Das Rad hat funktionell keine Einbusen hinnehmen müssen. Hinten ist nun sogar eine 180er Bremse, auch bei den Reifen bin ich bei NN 2,25 vorne und hinten geblieben. Den Sattel finde ich sogar bequemer als den SLK.


----------



## Prof. Dr. YoMan (18. Februar 2007)

Es sieht schlichtweg GEIL aus!


----------



## Bechy (18. Februar 2007)

nach dem heute den ganzen Vormittag mit meiner Gabel gekämpft habe... bin ich  zu folgendem gekommen....


http://www.mtb-news.de/forum/showthread.php?p=3457339#post3457339

Ein Problem mit dem LockOut BowdenZug







Vielleicht kennt sich auch von euch jemand damit aus.


----------



## MTB-News.de




----------



## Bechy (18. Februar 2007)

hat sich geklärt.... alles wieder ganz.

Nun passt nur nicht die Lockout Fernbedienung an den Iridium-Lenker, da der Durchmesser durch die Wölbung zu dick ist.... Dort wo Bremsen und Schalt-Trigger sind, würde die Fernbedienung passen...

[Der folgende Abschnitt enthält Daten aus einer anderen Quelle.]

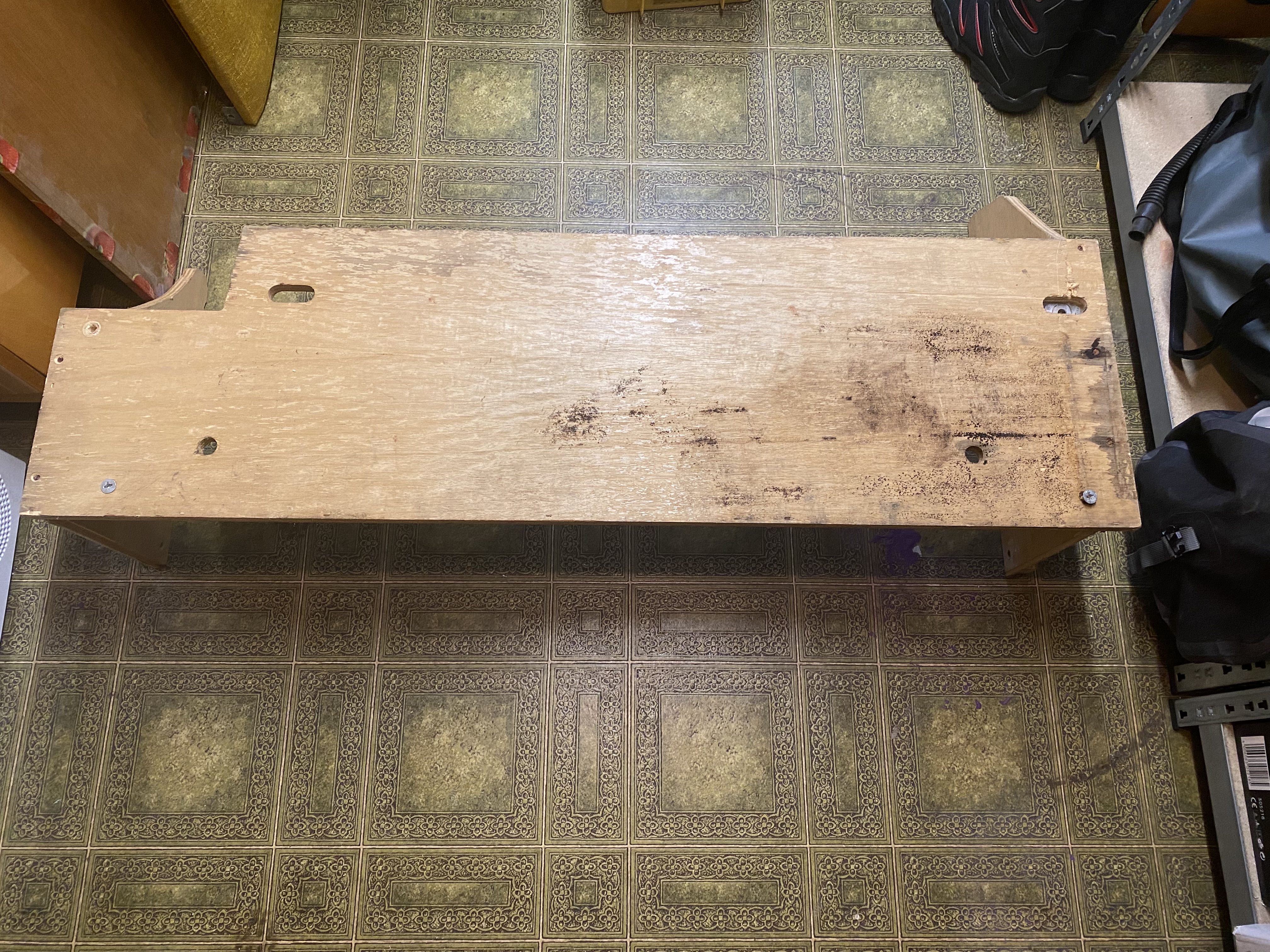 Erstaunt bin ich über die, sagen wir mal, sparsame Verarbeitung der Möbel, die sich auch in der Lochkunst im Boden fortsetzt.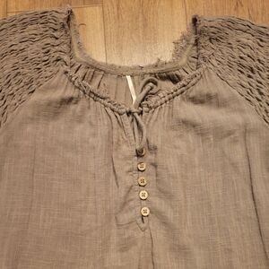 Great preloved condition. Button front with tie. Raw hem. 2 side pockets. Bust Measurements laying flat is 24 inches. Length is 30 inches.Color is like Olive Pls see pictures for details. Thank you

Neuer Lenker muss her  Oder gibt es da ne Lösung? Evtl eine längere Schraube.





So sieht es aus.


----------



## Bechy (18. Februar 2007)

hat sich geklärt.... alles wieder ganz.

Nun passt nur nicht die Lockout Fernbedienung an den Iridium-Lenker, da der Durchmesser durch die Wölbung zu dick ist.... Dort wo Bremsen und Schalt-Trigger sind, würde die Fernbedienung passen...

Neuer Lenker muss her  Oder gibt es da ne Lösung? Evtl eine längere Schraube.





So sieht es aus.


----------



## Bechy (19. Februar 2007)

Ich werde wohl nicht um einen Lenker-Kauf herum kommen.

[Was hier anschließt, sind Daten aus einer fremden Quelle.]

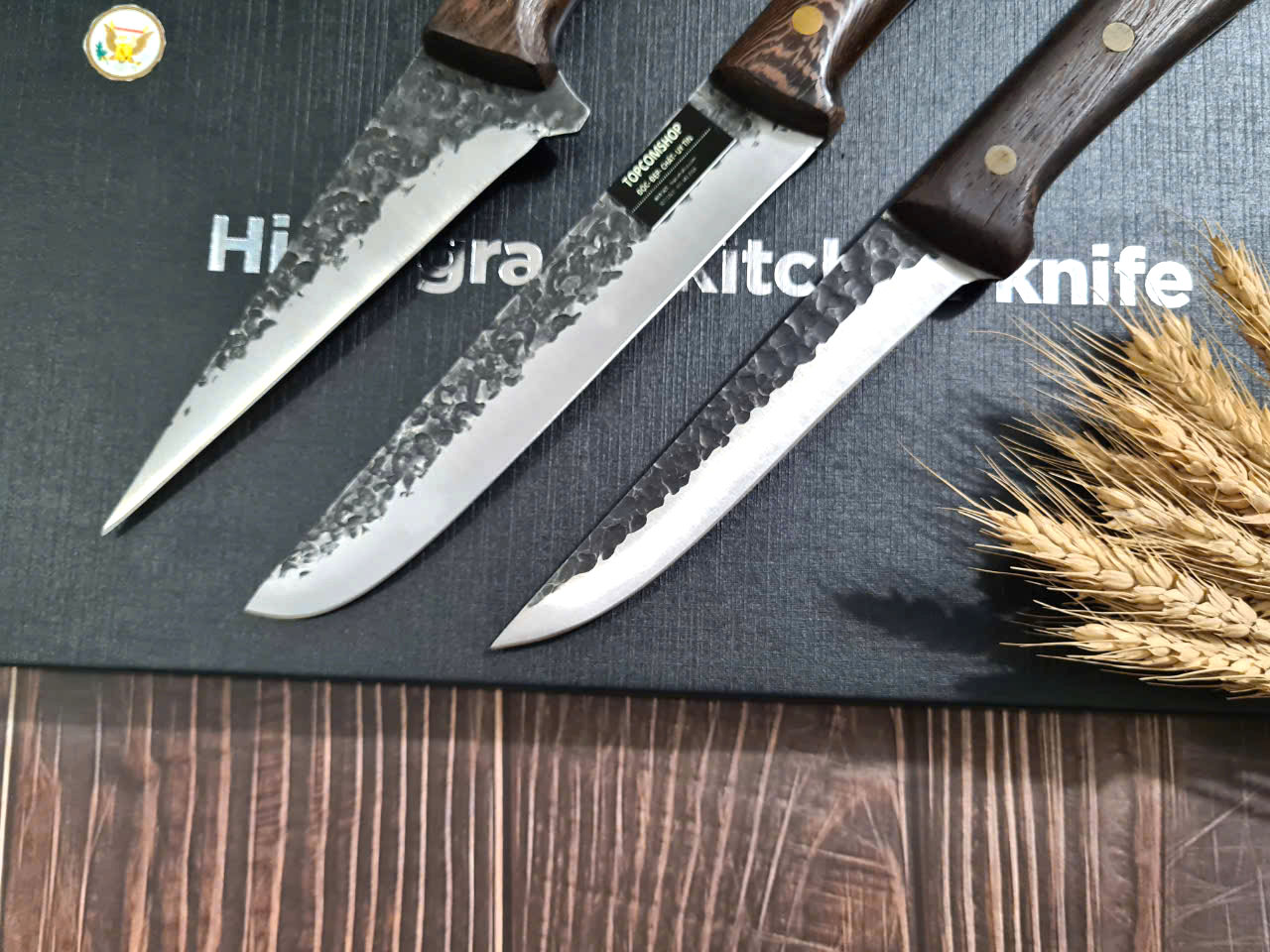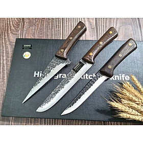 Bộ 3 Dao, Bộ Dao Nhật Bản, Bộ Dao Lưỡi Thép, Bộ Dao Nhà Bếp - Có Chuôi Có Bao Da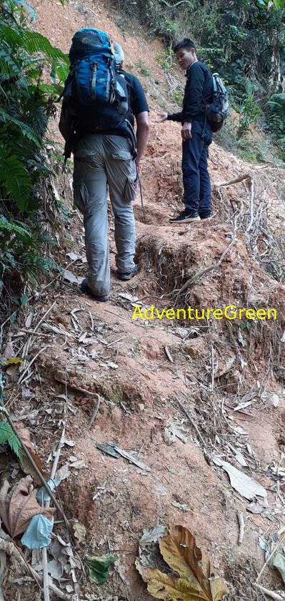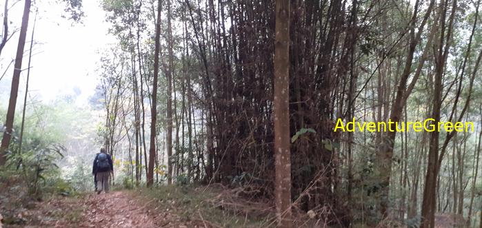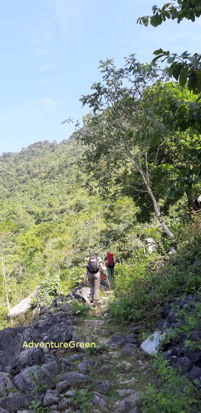 We leave Hang Village after that. The trek is along a scenic stream with forested mountains all around. The gradients are steep sometimes, but you don't normally feel tired, thanks to the fresh natural beauty and the joyful music played by running water down the streams.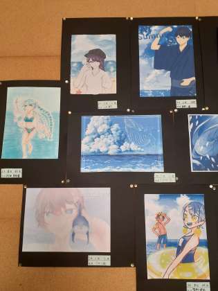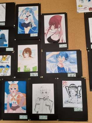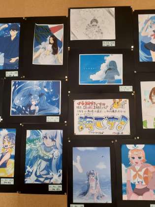 イラスト部では海をテーマに多目的ホール横で展示をしています。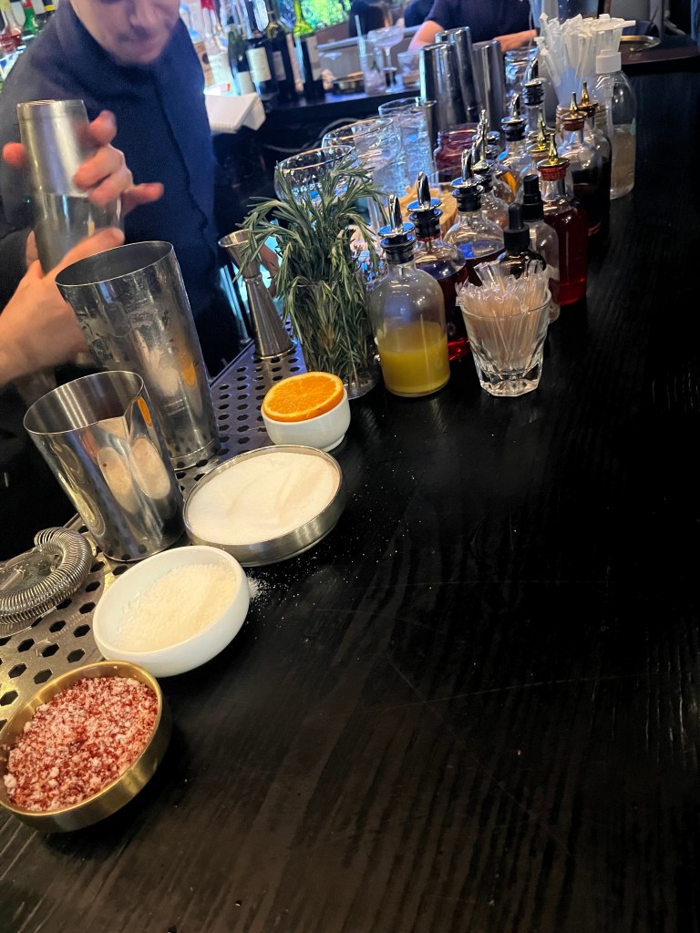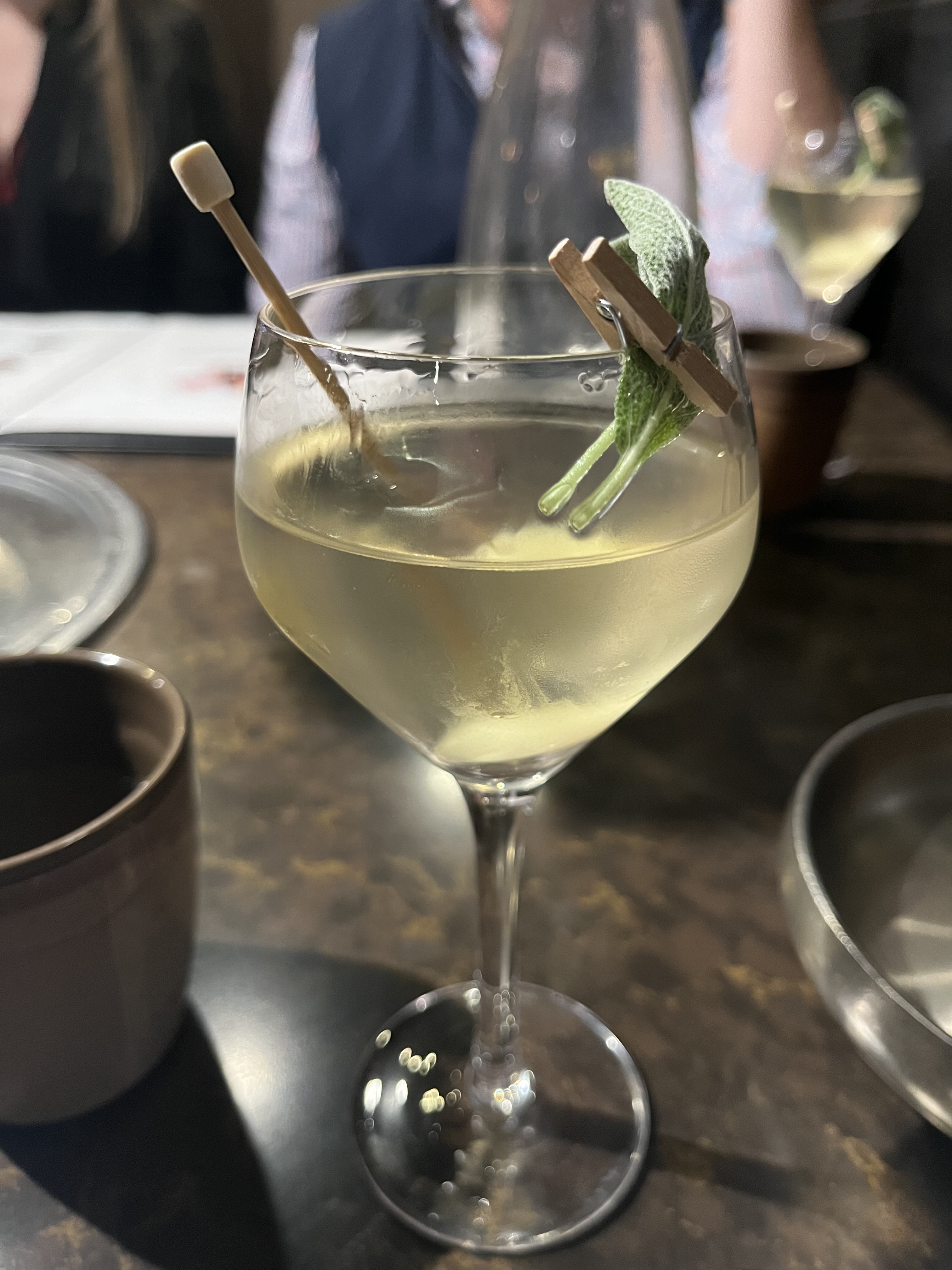 The first thing I noticed when I entered was the bar. I spied some good looking garnishes and knew I’d be starting with a cocktail. I went with the sage martini (vodka, vermouth, sage, yuzu, and umami bitters) and later switched to wine and soju. I absolutely love a cocktail with a mini clothespin. This one was quite tasty.

Könnt ihr mir einen günstigen, leichten empfehlen? Diesmal möchte ich einen fast geraden Lenker, so in etwa wie der von Rerun.
Vielleicht kann man das ja auch mit einen neuen Vorbau koppeln. Bloß leider kenn ich micht mit der Geometrie nicht soo aus. Ich möchte das Bike eher Race-Lastiger verändern, als in Richtung Enduro.

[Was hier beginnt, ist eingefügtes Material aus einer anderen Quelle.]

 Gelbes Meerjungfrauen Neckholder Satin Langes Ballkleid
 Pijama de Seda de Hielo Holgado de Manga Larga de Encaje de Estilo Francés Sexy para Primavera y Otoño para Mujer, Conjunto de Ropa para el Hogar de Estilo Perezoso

Vielleicht habt ihr einen Tip 

MfG,
Bechy


----------



## tschobi (20. Februar 2007)

Rerun schrieb:


> Heute habe ich nun endlich meine SL angeschraubt.
> Gewichtsersparnis zur Juicy7 185/160 sind insgesamt 166g, was ich schon recht ordentlich finde! Die Tune Schnellspanner haben 68g gespart. Die SRAM PG990 Kassette in 11-32 gegenüber der XT in 11-34 20g (war aber mehr der Optik wegen). Hier ein paar Bilder (sorry 1MB)...
> 
> 
> ...




Sieht echt klasse aus. Wo bekommt man die Teile, besonders tune. Hab die nicht gefunden!


----------



## Rerun (20. Februar 2007)

Ich habs glaub ich bei hibike.de gekauft. Gibt es aber (fast) überall  
bike24.net ist auch ein sehr guter online Shop (sehr zuverlässig und schnell)!


----------



## Mister P. (20. Februar 2007)

...oder bike-discount.de, da kauf ich meistens ein. Ebenfalls zuverlässig und schnell.

Greetz


----------



## tschobi (20. Februar 2007)

Danke, werd heut abend mal reinschauen!


----------



## Bechy (21. Februar 2007)

Hallo,

ich habe mir ein paar Lenker rausgesucht.

*Einen von Ritchey.*
http://www.bike24.de/1.php?content=...63;page=1;ID=09b4a6c4a050388aec82ea90036e39f9
mit 5° Krümmung
130g

*Einen von Syntace.*
http://bike-discount.de/products/big/PICTURE1031.jpg
9°
148g

Noch einen von Syntace.
http://www.bike24.de/1.php?content=...63;page=1;ID=09b4a6c4a050388aec82ea90036e39f9
220g

Was ist der Unterschied zwischen 2014 und 7075?? Nur das Gewicht?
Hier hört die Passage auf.